-- Data follows --
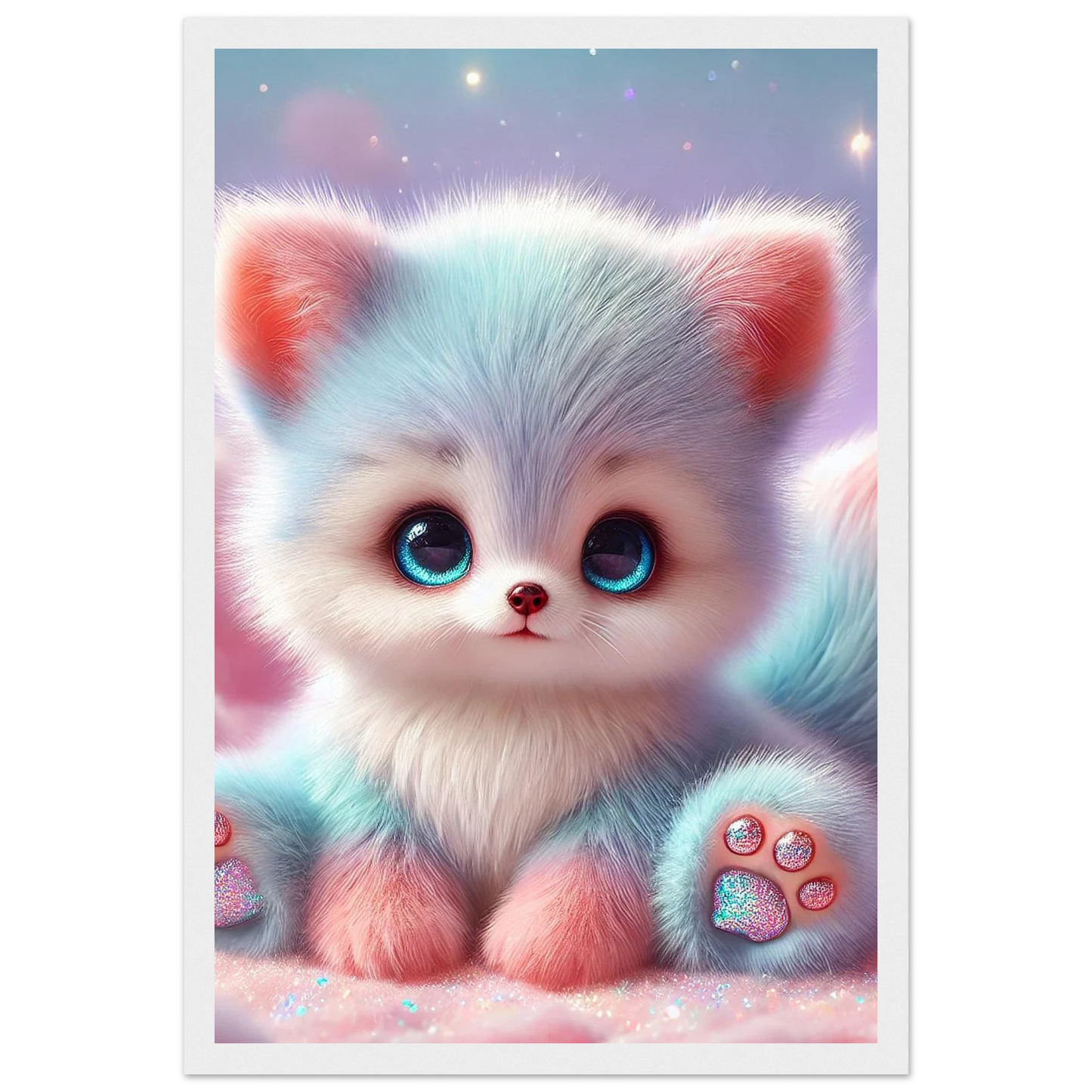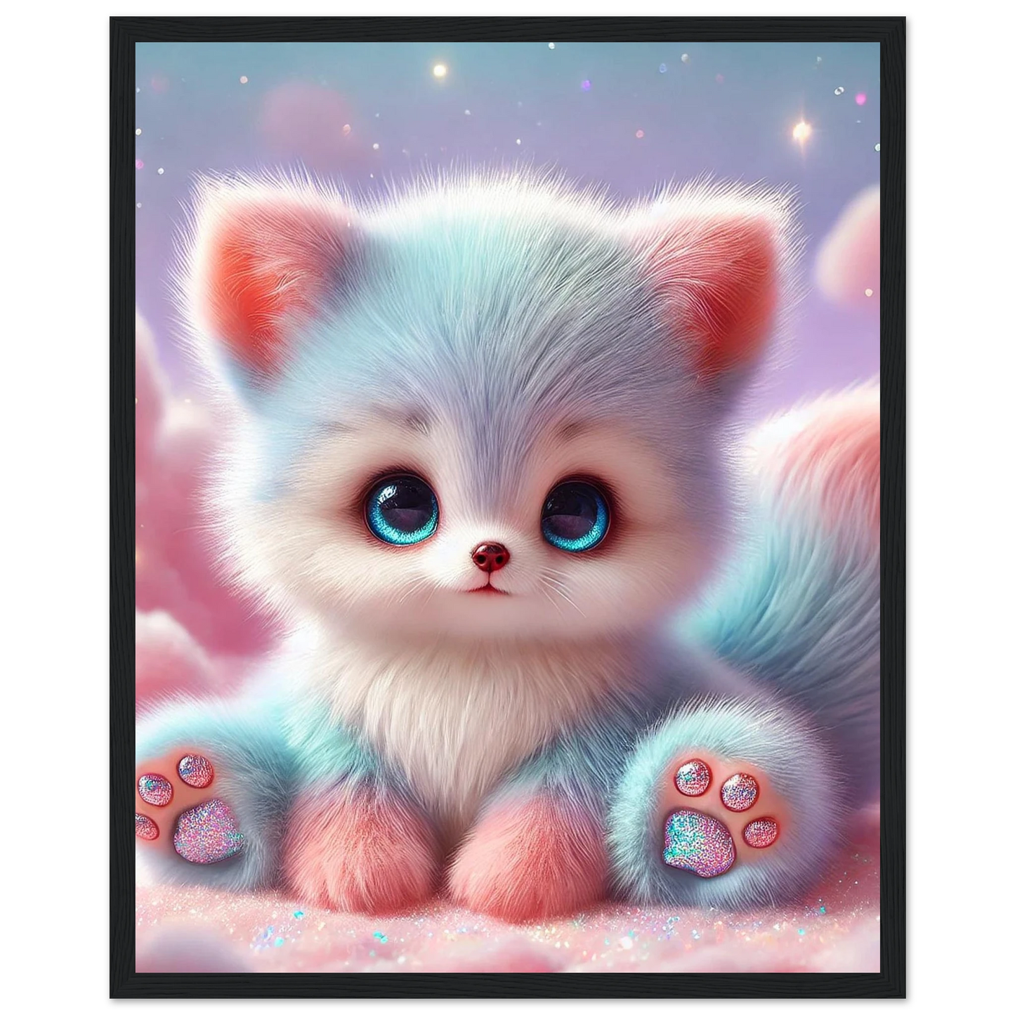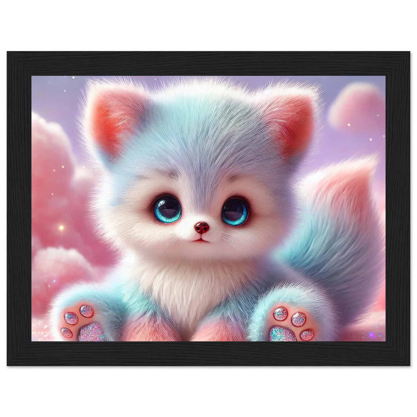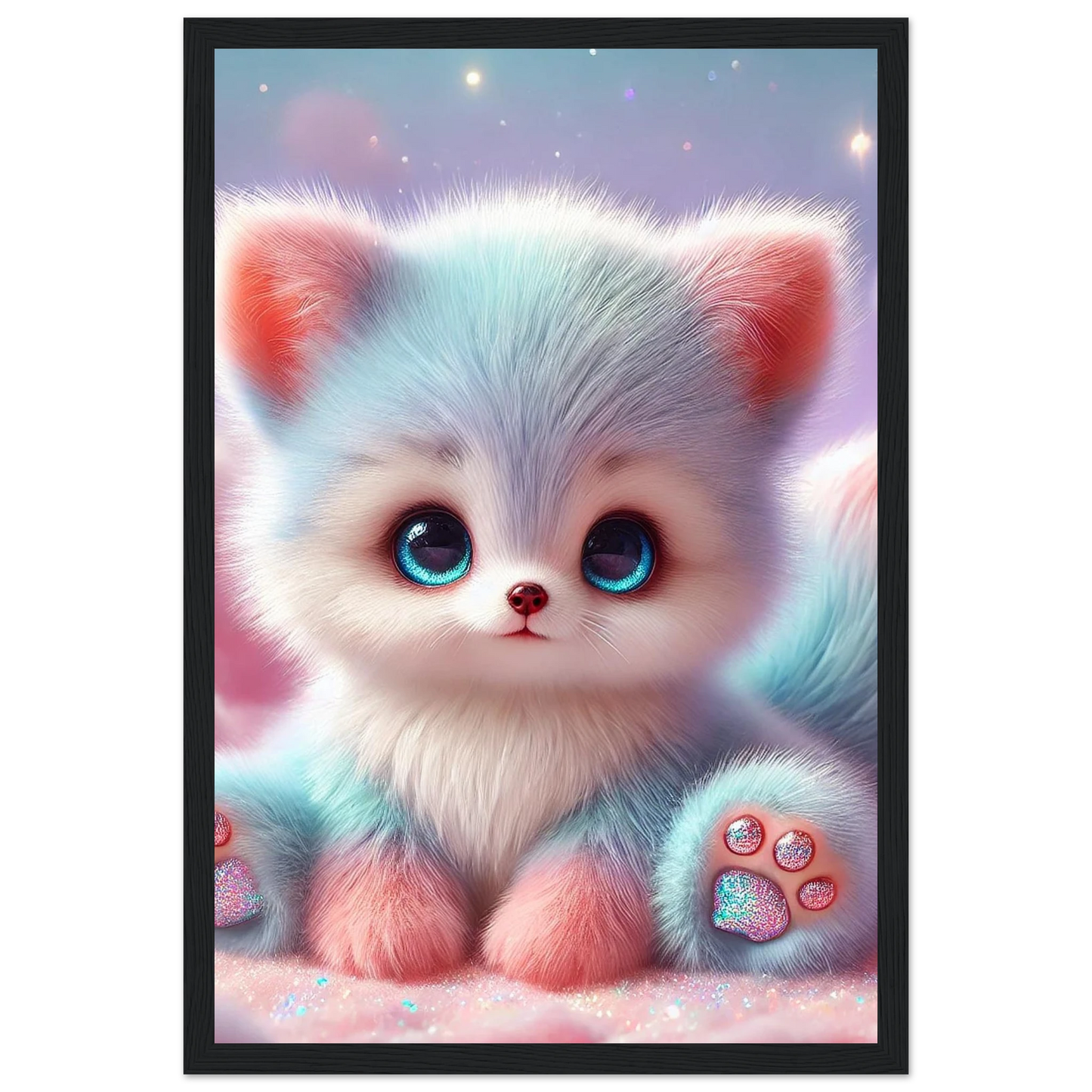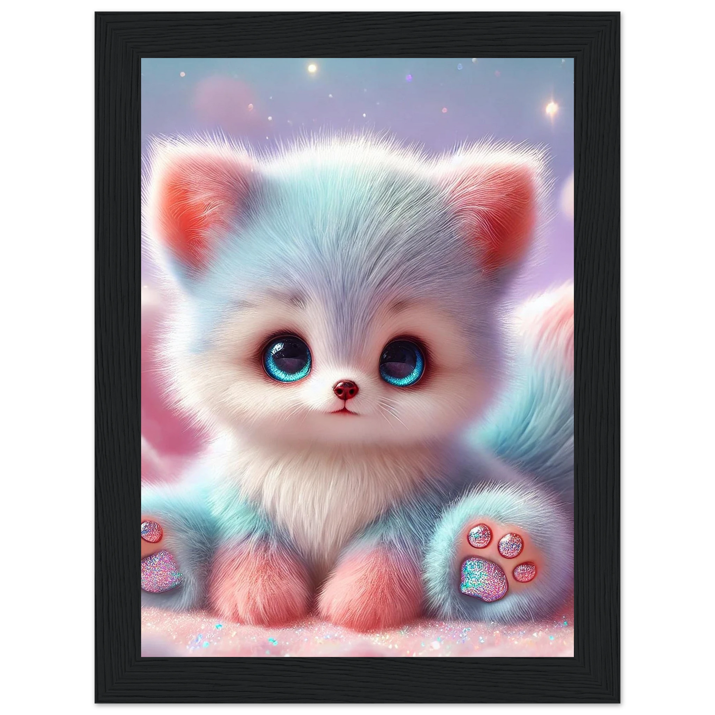Bringe mit unseren holzgerahmten Kunstdrucken die märchenhafte Magie von Nuvina in dein Zuhause – einem kleinen, magischen Wolf mit pastellfarbenem Fell, das wie zarte Zuckerwatte schimmert. Mit glitzernden Augen und funkelnden Tatzenpads ist sie ein Sinnbild von Sanftmut und träumerischer Schönheit.
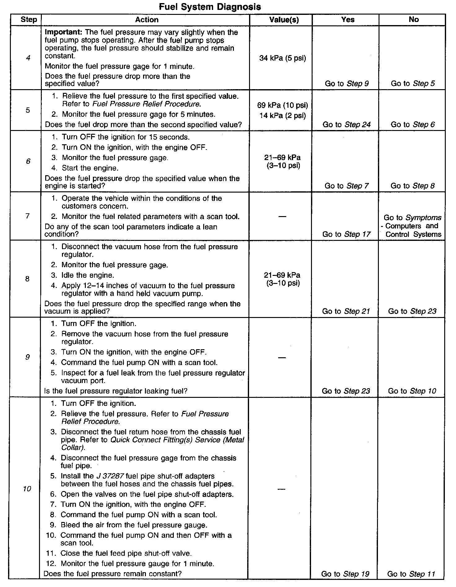 11. This step tests for a leaking fuel injector, or fuel pressure regulator. If the fuel pressure remains constant during this test, the fuel injectors are not leaking fuel.
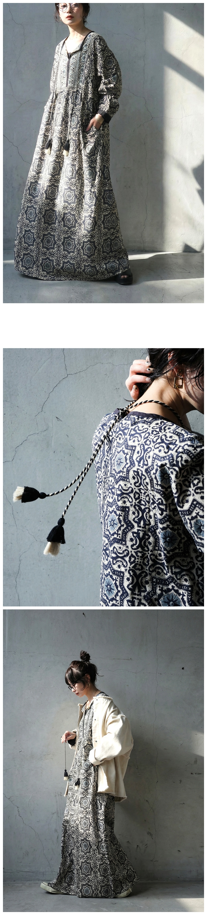 Please check the notes for this item and check this shipping note before you buy.ワンピース ロングワンピース マキシワンピース シャツワンピース 柄ワンピース プリントワンピース コットンワンピース 綿100 インド綿 インドコットン ジャイプリア ジャイプリ ジャイプール 幾何学柄 総柄 古典柄 エスニック ブロックプリント スクリーンプリント フリンジ タッセル キーネック Vネック ネックライン 前ヨーク 切替 フレア Aライン ロング丈 マキシ丈 ゆったり シルエット 体型カバー 大きいサイズ おおきい イージー らくちん リラックス ワイド ルーズ プラスサイズ プラス レディース 長袖 袖あり 春 夏 秋 春夏 SS AW オールシーズン ナチュラル カジュアル モード 大人 上品 綺麗 きれいめ キレイ シンプル 旅行 リゾート デイリー ワンマイル ショッピング カフェ 在宅 ワーク 綿素材 天然素材 通気性 軽量 柔らかい フレアワンピース ロンスカ風 マキシ ロング インド柄 アジアン ボヘミアン ブラック ブルー 黒 くろ 青 あお Black Blue S M L LL 2L 3L XL XXL フリーサイズ 大きめ 大き目 ビッグ ビック big aライン Aライン 10代 20代 30代 40代 50代 60代 婦人服 女性用 ANTIQUA antiqua アンティカ あんてぃか antique annthika あんちくあ アンテイカ あんティカ
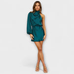Subtílna elegancia s moderným nádychom — šaty Mara očarujú svojím asymetrickým dizajnom a jemnou drapériou, ktorá elegantne obopína postavu. S výstrihom na jedno rameno a strategickou drapériou ponúkajú rafinovaný a pohodlný vzhľad na špeciálne príležitosti alebo nezabudnuteľné noci.
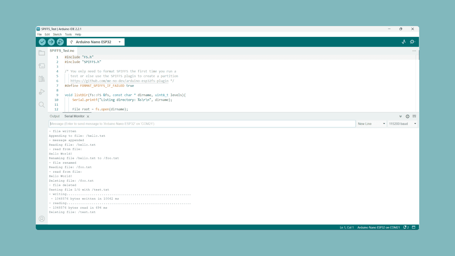 1void setup(){2 Serial.begin(115200);3 if(!SPIFFS.begin(FORMAT_SPIFFS_IF_FAILED)){4 Serial.println("SPIFFS Mount Failed");5 return;6 }7 8 listDir(SPIFFS, "/", 0);9 writeFile(SPIFFS, "/hello.txt", "Hello ");10 appendFile(SPIFFS, "/hello.txt", "World!\r\n");11 readFile(SPIFFS, "/hello.txt");12 renameFile(SPIFFS, "/hello.txt", "/foo.txt");13 readFile(SPIFFS, "/foo.txt");14 deleteFile(SPIFFS, "/foo.txt");15 testFileIO(SPIFFS, "/test.txt");16 deleteFile(SPIFFS, "/test.txt");17 Serial.println( "Test complete" );18}- All messages printed on the serial monitor are defined in the respective function, except "Test Complete" which printed by
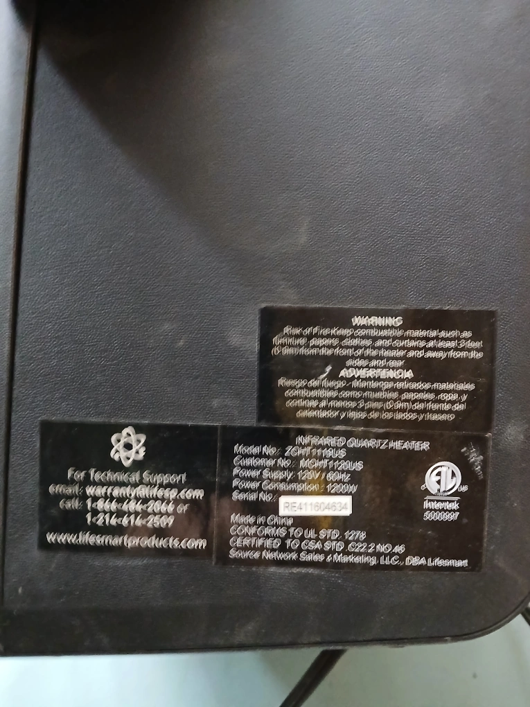 Selling a LifeSmart Infrared Quartz Heater, model number ZCHT1119US. It uses 120V/60Hz power supply and consumes 1250W. Feel free to ask any questions!
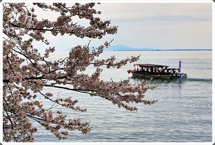 | 海津大崎這邊也有觀光遊覽床可以搭乘,可以從湖上觀賞櫻花,但是可惜時間的問題我只能放棄搭乘觀光遊覽床,除非有安排在這邊住上一個晚上。 |
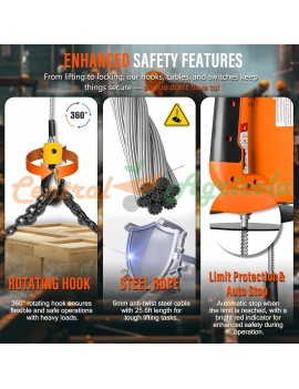 Le brindará la potencia para levantar objetos a cualquier lugar que lo necesite, (requiere suministro eléctrico de 220V AC) incluido el garaje, el taller o la granja.
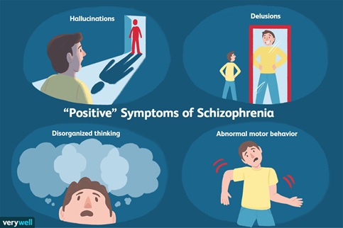 د سکیزوفرینیا وصفي اعراض دا دي چې ناروغ هالوسینیشن پیدا کوي یعنی دا چې ناروغ په خپل سر غږونه اوري او بیا هماغو غږونو ته په ځواب ویلو سره گډ وي.
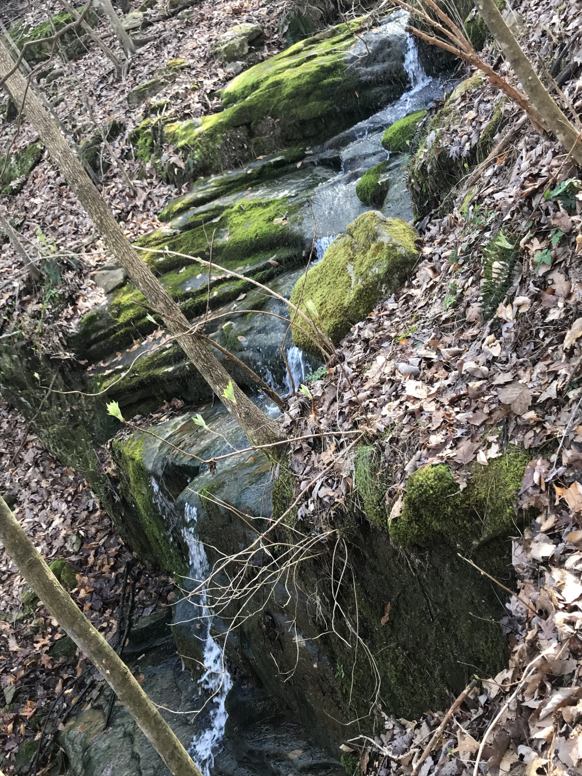 I hadn’t realized the intricacy of moss and stone in my previous visits. It had rained a day or so prior so the falls were flowing majestically into the creek. Constant overflow created tiny babbling brooks the moss seemed to guide to the larger body of water. Leaves from surrounding trees had all fallen and elegantly framed the moss lining the creek with its earthy brown tones.
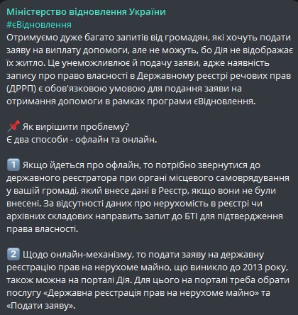 09.35 Украинцы жалуются в Минвосстановления, что не могут подать заявку на восстановления жилья, т.к. в "Дие" их жилье не отображается.
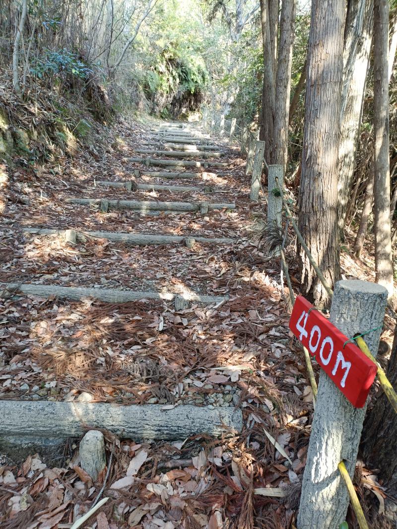 階段はそんなに大きな段差はないです。片側の柵に、400m,300mと赤い札が励ましてくれます。
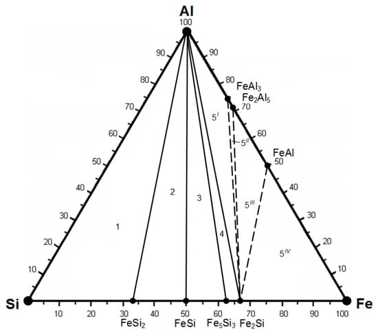 As a result of triangulation of the Si-Al-Fe system (Figure 1) including all complex compounds, five regions have been formed. The incongruent compounds have not been found in regions of Si-Al-FeSi2 (1), FeSi2-Al-FeSi (2), FeSi-Al-Fe5Si3 (3), Fe5Si3-Al-Fe2Si (4). The diagram region of Fe2Si-Al-Fe has one congruent (Fe2Al5) and two incongruent compounds (FeAl3, FeAl). These compounds divide this region into four sub-regions: Fe2Si-Al-FeAl3 (5I), Fe2Si-FeAl3-Fe2Al5 (5II), Fe2Si-Fe2Al5-FeAl (5III) and Fe2Si-FeAl-Fe (5IV).
-- Data concluded --
What you are asked to do - Above are some records. Reproduce the lines from the one with "Please check the" down to the one with "Subtílna elegancia s", keeping both, and leave every picture out.

Solution to this problem -
 Please check the notes for this item and check this shipping note before you buy.ワンピース ロングワンピース マキシワンピース シャツワンピース 柄ワンピース プリントワンピース コットンワンピース 綿100 インド綿 インドコットン ジャイプリア ジャイプリ ジャイプール 幾何学柄 総柄 古典柄 エスニック ブロックプリント スクリーンプリント フリンジ タッセル キーネック Vネック ネックライン 前ヨーク 切替 フレア Aライン ロング丈 マキシ丈 ゆったり シルエット 体型カバー 大きいサイズ おおきい イージー らくちん リラックス ワイド ルーズ プラスサイズ プラス レディース 長袖 袖あり 春 夏 秋 春夏 SS AW オールシーズン ナチュラル カジュアル モード 大人 上品 綺麗 きれいめ キレイ シンプル 旅行 リゾート デイリー ワンマイル ショッピング カフェ 在宅 ワーク 綿素材 天然素材 通気性 軽量 柔らかい フレアワンピース ロンスカ風 マキシ ロング インド柄 アジアン ボヘミアン ブラック ブルー 黒 くろ 青 あお Black Blue S M L LL 2L 3L XL XXL フリーサイズ 大きめ 大き目 ビッグ ビック big aライン Aライン 10代 20代 30代 40代 50代 60代 婦人服 女性用 ANTIQUA antiqua アンティカ あんてぃか antique annthika あんちくあ アンテイカ あんティカ
Subtílna elegancia s moderným nádychom — šaty Mara očarujú svojím asymetrickým dizajnom a jemnou drapériou, ktorá elegantne obopína postavu. S výstrihom na jedno rameno a strategickou drapériou ponúkajú rafinovaný a pohodlný vzhľad na špeciálne príležitosti alebo nezabudnuteľné noci.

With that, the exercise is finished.